■ **Required work**: Please return the lines below verbatim, beginning at the one that has "Wholesale prices of" and stopping after the one that has "IKEA Karlstsad 3-seter", and add no other lines.

───── Task data ─────

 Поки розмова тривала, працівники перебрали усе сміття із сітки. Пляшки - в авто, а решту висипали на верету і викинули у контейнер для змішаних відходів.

─────
───── Task data ─────

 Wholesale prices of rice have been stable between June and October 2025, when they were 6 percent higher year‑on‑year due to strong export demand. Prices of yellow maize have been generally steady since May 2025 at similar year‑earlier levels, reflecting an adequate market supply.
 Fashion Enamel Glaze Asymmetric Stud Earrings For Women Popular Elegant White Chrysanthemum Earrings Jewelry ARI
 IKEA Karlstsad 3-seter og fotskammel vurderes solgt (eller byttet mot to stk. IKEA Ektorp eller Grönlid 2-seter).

─────

■ **Task result**:
 Wholesale prices of rice have been stable between June and October 2025, when they were 6 percent higher year‑on‑year due to strong export demand. Prices of yellow maize have been generally steady since May 2025 at similar year‑earlier levels, reflecting an adequate market supply.
 Fashion Enamel Glaze Asymmetric Stud Earrings For Women Popular Elegant White Chrysanthemum Earrings Jewelry ARI
 IKEA Karlstsad 3-seter og fotskammel vurderes solgt (eller byttet mot to stk. IKEA Ektorp eller Grönlid 2-seter).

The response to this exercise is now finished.